» TASK DETAILS:
The complete listing goes into the output exactly, without its pictures.

» DATA SECTION:
****************************************

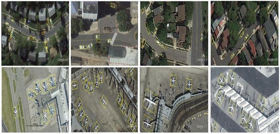 Figure 7 shows the detection results of this method on the UCAS-AOD dataset. In the first row of images, the vehicle is obstructed by trees and buildings. This network is sensitive to the features of the target spatial direction, so it can detect partially occluded targets by predicting the direction and width of vehicles. The airplane in the second row of images exhibits characteristics with different directions and a dense layout. We ensured the accuracy of model detection through balanced loss training.
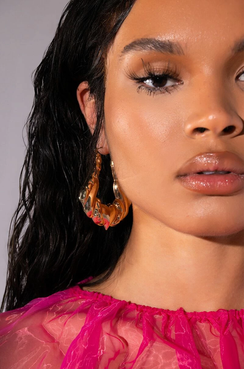 The AKIRA Label All That Jazz Hoops are a set of door knocker hoops made from a faux gold metal base featuring a textured design, a large hoop silhouette, heart detailing, and lever back fastenings.
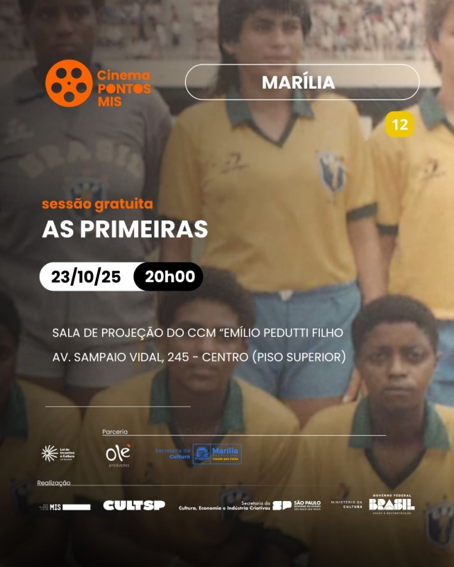 A Prefeitura de Marília, por meio da Secretaria da Cultura de Marília, em parceria com o Museu da Imagem e do Som, por meio do Programa Pontos MIS, apresenta nesta quinta-feira, 23/10, às 20h, sessão especial de cinema, com exibição do filme “As Primeiras”, documentário que retrata a vida de um grupo de mulheres que vivem nos subúrbios do Rio de Janeiro, com aproximadamente 60 anos e guardam um passado comum: são a base da primeira seleção feminina de futebol do Brasil.
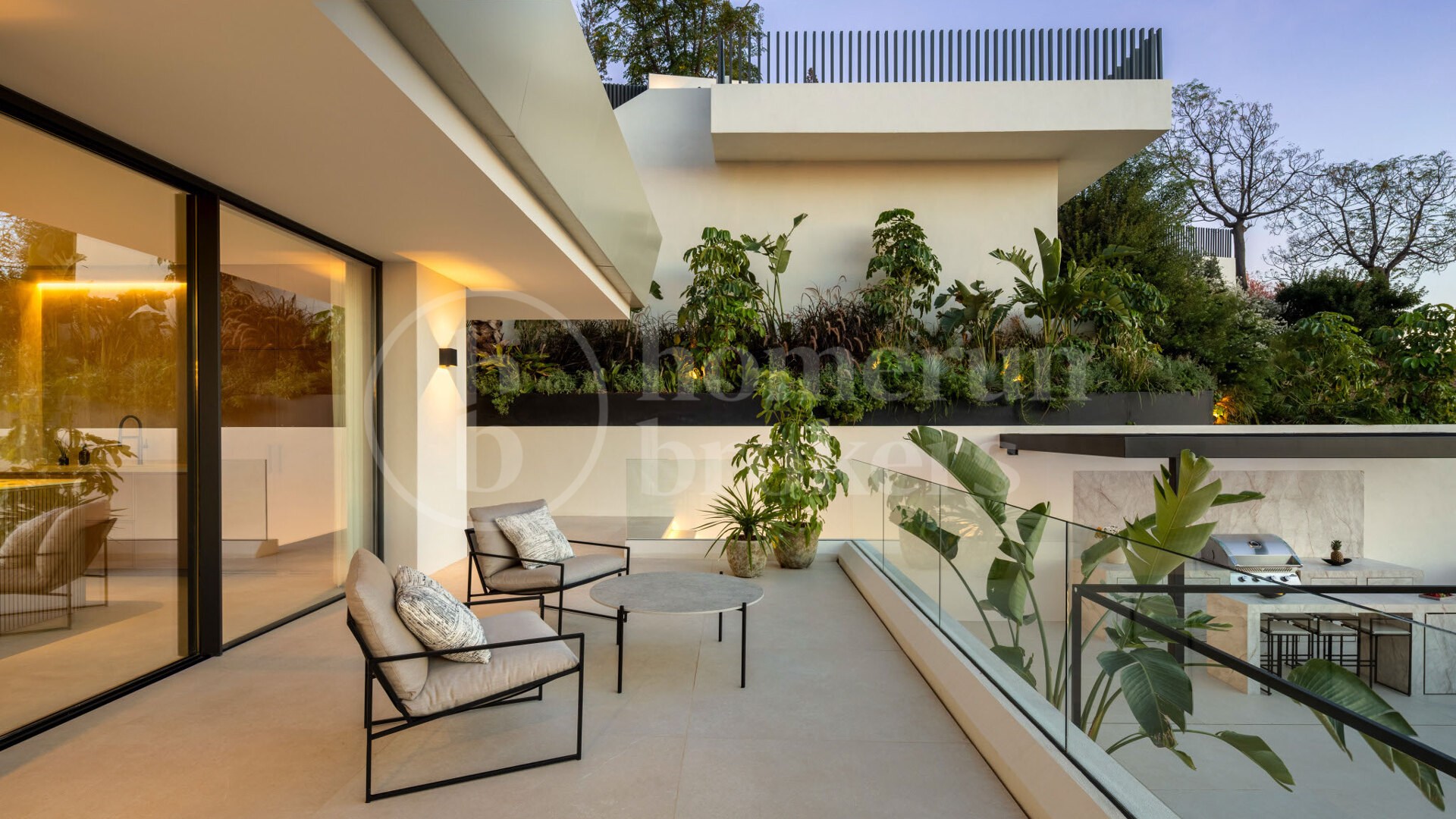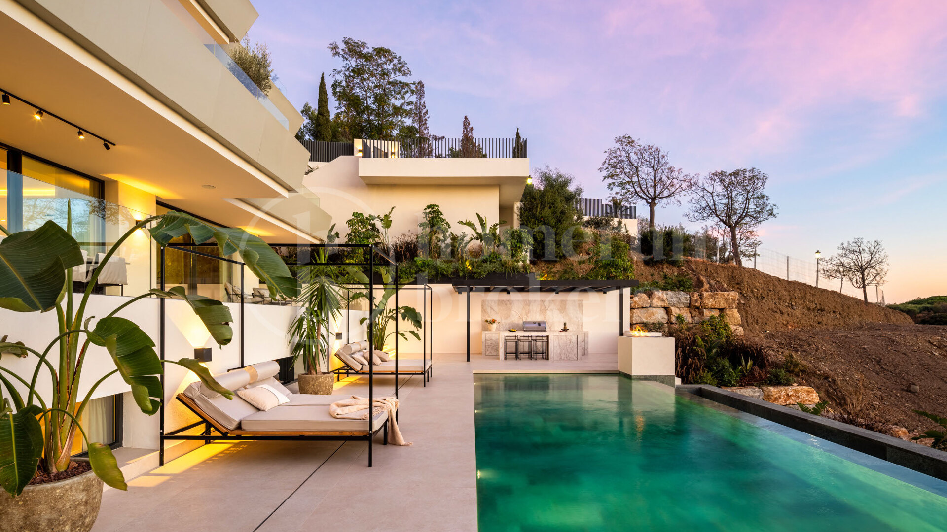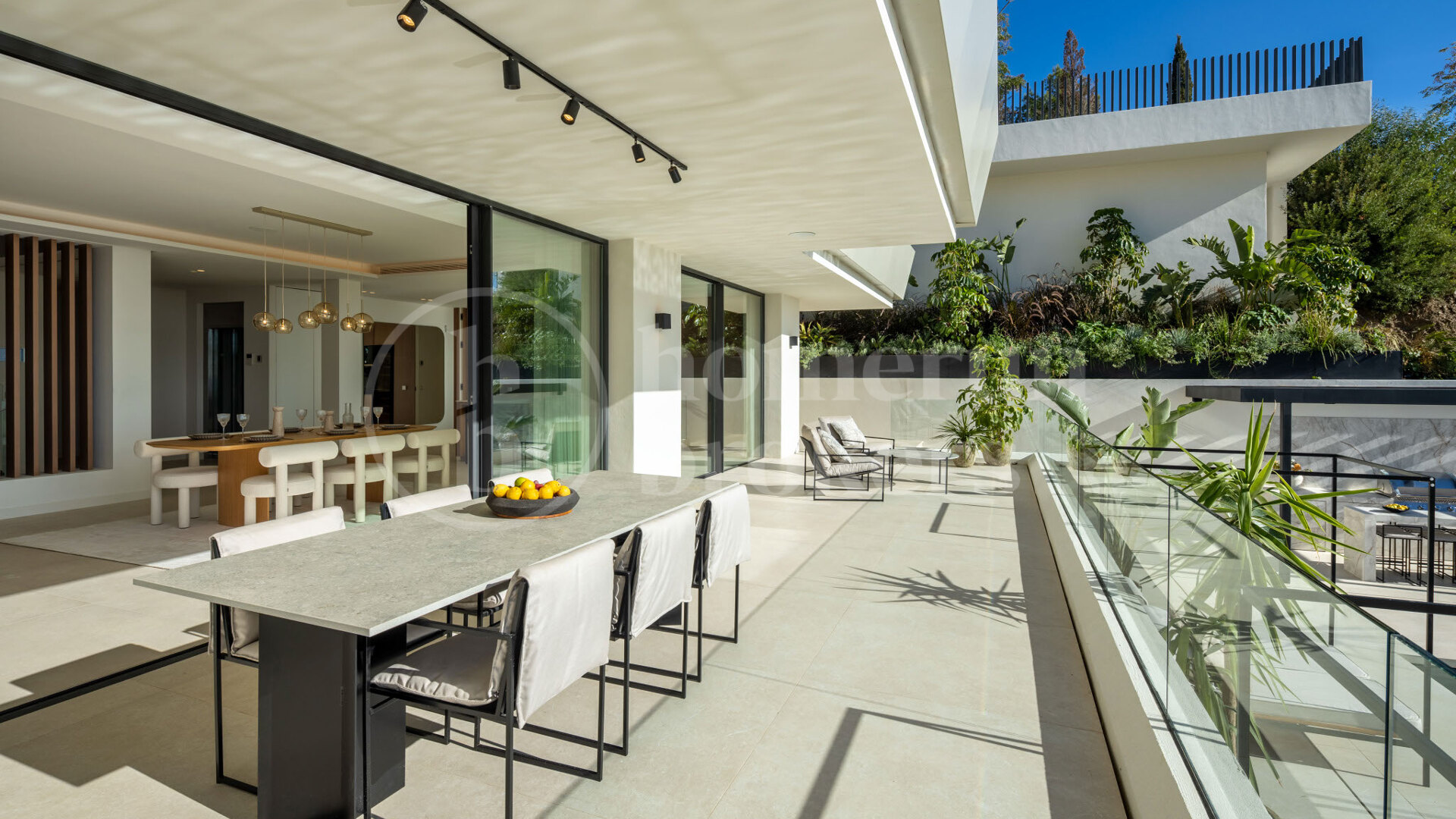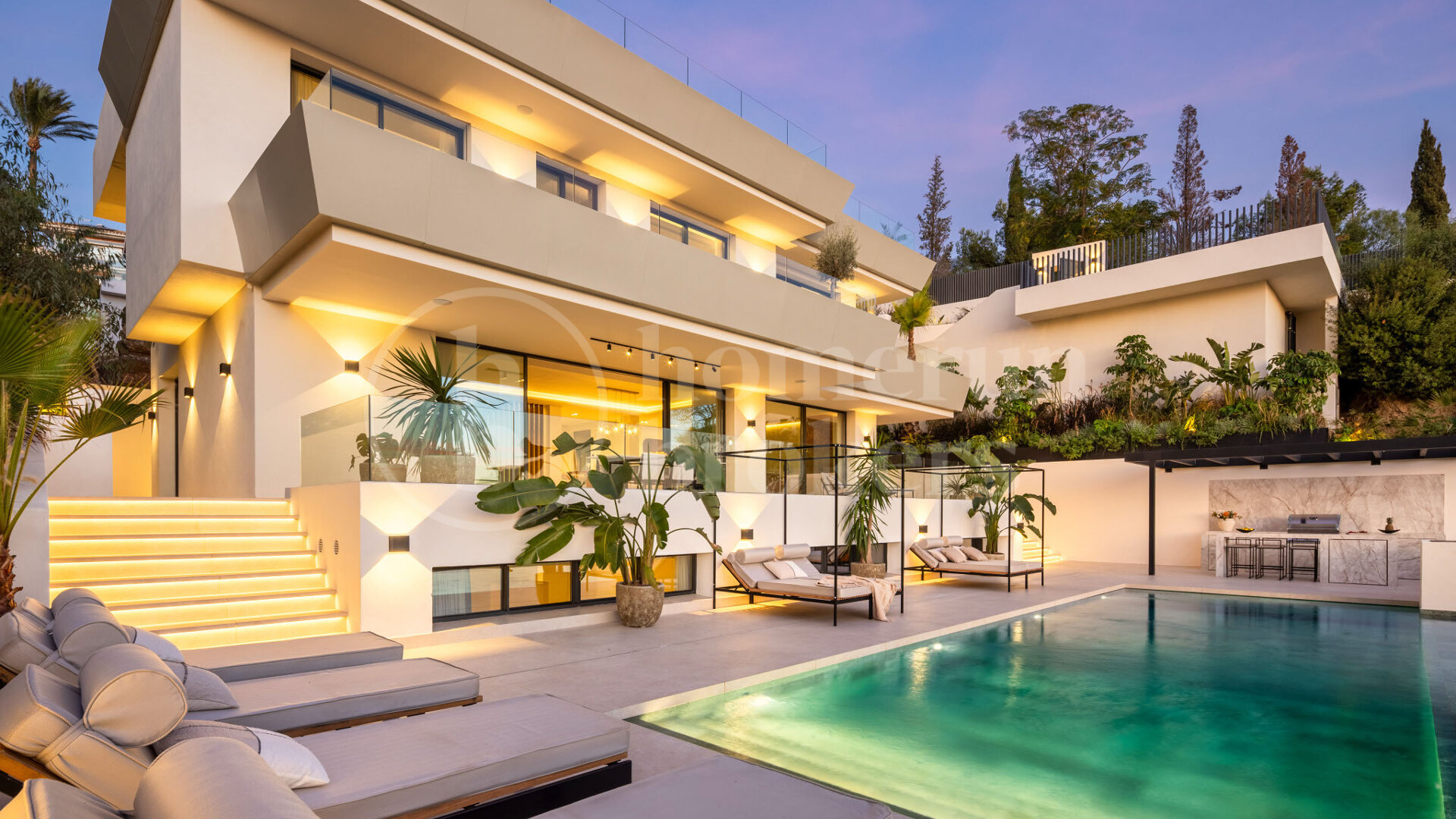Varje aspekt av Villa Ember, från dess genomtänkta planlösning till de högkvalitativa materialen, fångar essensen av modern och exklusiv livsstil. I den förtrollande omgivningen av Marbella Öst erbjuder denna villa sina lyckliga ägare ett liv av distinktion och njutning.

****************************************

» TASK ANSWER:
 Figure 7 shows the detection results of this method on the UCAS-AOD dataset. In the first row of images, the vehicle is obstructed by trees and buildings. This network is sensitive to the features of the target spatial direction, so it can detect partially occluded targets by predicting the direction and width of vehicles. The airplane in the second row of images exhibits characteristics with different directions and a dense layout. We ensured the accuracy of model detection through balanced loss training.
 The AKIRA Label All That Jazz Hoops are a set of door knocker hoops made from a faux gold metal base featuring a textured design, a large hoop silhouette, heart detailing, and lever back fastenings.
 A Prefeitura de Marília, por meio da Secretaria da Cultura de Marília, em parceria com o Museu da Imagem e do Som, por meio do Programa Pontos MIS, apresenta nesta quinta-feira, 23/10, às 20h, sessão especial de cinema, com exibição do filme “As Primeiras”, documentário que retrata a vida de um grupo de mulheres que vivem nos subúrbios do Rio de Janeiro, com aproximadamente 60 anos e guardam um passado comum: são a base da primeira seleção feminina de futebol do Brasil.
Varje aspekt av Villa Ember, från dess genomtänkta planlösning till de högkvalitativa materialen, fångar essensen av modern och exklusiv livsstil. I den förtrollande omgivningen av Marbella Öst erbjuder denna villa sina lyckliga ägare ett liv av distinktion och njutning.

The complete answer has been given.